Part of Putting the “You” in CPU: a rabbit hole into how your computer runs programs.
Up until now, every time I’ve talked about reading and writing memory was a little wishy-washy. For example, ELF files specify specific memory addresses to load data into, so why aren’t there problems with different processes trying to use conflicting memory? Why does each process seem to have a different memory environment?
Also, how exactly did we get here? We understand that
execve is a syscall that replaces the current process with a new program, but this doesn’t explain how multiple processes can be started.
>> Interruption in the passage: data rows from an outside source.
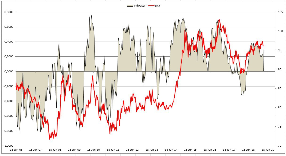 #валюты Хм, индикатор по индексу доллара начал расти (серая область), пока не понятно, это коррекция и начнется полномасштабное снижение курса доллара, как результат смягчения политики ФРС. Или же это последний рывок вверх курса доллара а-ля декабрь 2016 года, "против мнения рынка".
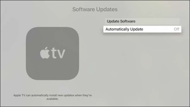 Na następnym ekranie wyłącz automatyczne aktualizacje. Będziesz teraz musiał ręcznie zaktualizować Apple TV za pomocą przycisku „Aktualizuj oprogramowanie”.
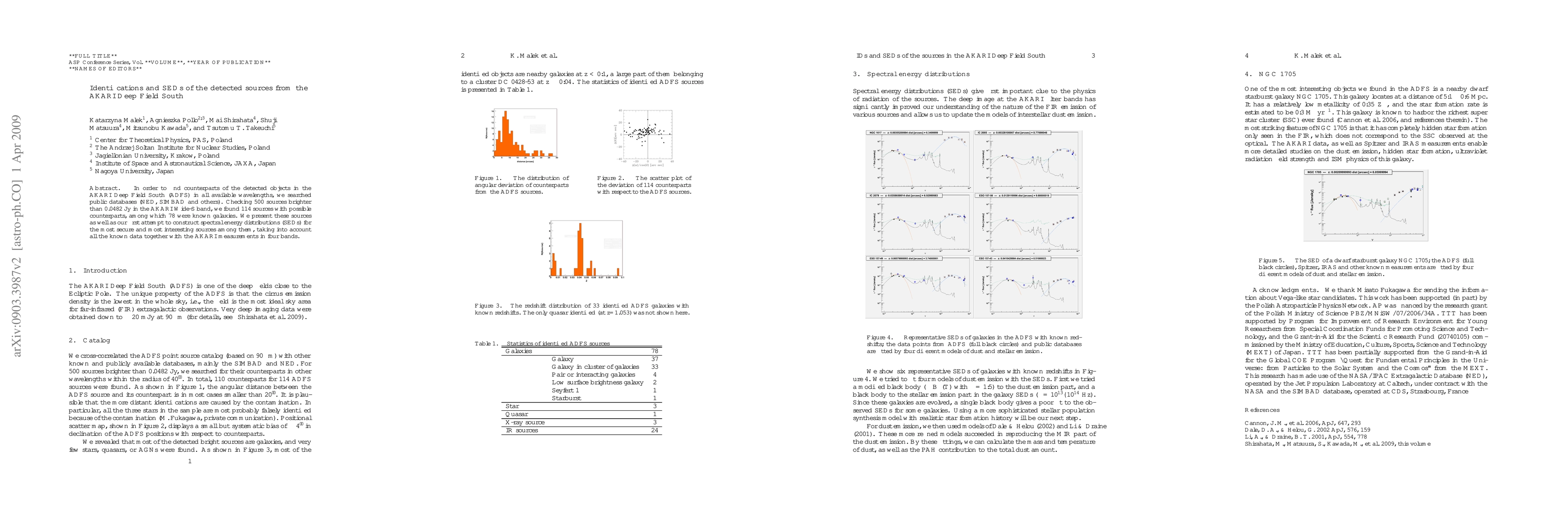 This paper identifies counterparts for 114 sources detected in the AKARI Deep Field South, with 78 being known galaxies, and constructs spectral energy distributions (SEDs) for the most secure and interesting sources using data from multiple wavelengths.

It definitely doesn’t explain how the very first program runs — what chicken (process) lays (spawns) all the other eggs (other processes)?
We’re nearing the end of our journey. After these two questions are answered, we’ll have a mostly complete understanding of how your computer got from bootup to running the software you’re using right now.
Memory is Fake
So… about memory. It turns out that when the CPU reads from or writes to a memory address, it’s not actually referring to that location in physical memory (RAM). Rather, it’s pointing to a location in virtual memory space.
The CPU talks to a chip called a memory management unit (MMU). The MMU works like a translator with a dictionary that translates locations in virtual memory to locations in RAM. When the CPU is given an instruction to read from memory address
0xfffaf54834067fe2, it asks the MMU to translate that address. The MMU looks it up in the dictionary, discovers that the matching physical address is
0x53a4b64a90179fe2, and sends the number back to the CPU. The CPU can then read from that address in RAM.
When the computer first boots up, memory accesses go directly to physical RAM. Immediately after startup, the OS creates the translation dictionary and tells the CPU to start using the MMU.
This dictionary is actually called a page table, and this system of translating every memory access is called paging. Entries in the page table are called pages and each one represents how a certain chunk of virtual memory maps to RAM. These chunks are always a fixed size, and each processor architecture has a different page size. x86-64 has a default 4 KiB page size, meaning each page specifies the mapping for a block of memory 4,096 bytes long.
In other words, with 4 KiB pages the bottom 12 bits of an address will always be the same before and after MMU translation — 12, because that’s the amount of bits needed to index the 4,096-byte page you get post-translation.
x86-64 also allows operating systems to enable larger 2 MiB or 4 GiB pages, which can improve address translation speed but increase memory fragmentation and waste. The larger the page size, the smaller the portion of the address that’s translated by the MMU.
The page table itself just resides in RAM. While it can contain millions of entries, each entry’s size is only on the order of a couple bytes, so the page table doesn’t take up too much space.
To enable paging at boot, the kernel first constructs the page table in RAM. Then, it stores the physical address of the start of the page table in a register called the page table base register (PTBR). Finally, the kernel enables paging to translate all memory accesses with the MMU. On x86-64, the top 20 bits of control register 3 (CR3) function as the PTBR. Bit 31 of CR0, designated PG for Paging, is set to 1 to enable paging.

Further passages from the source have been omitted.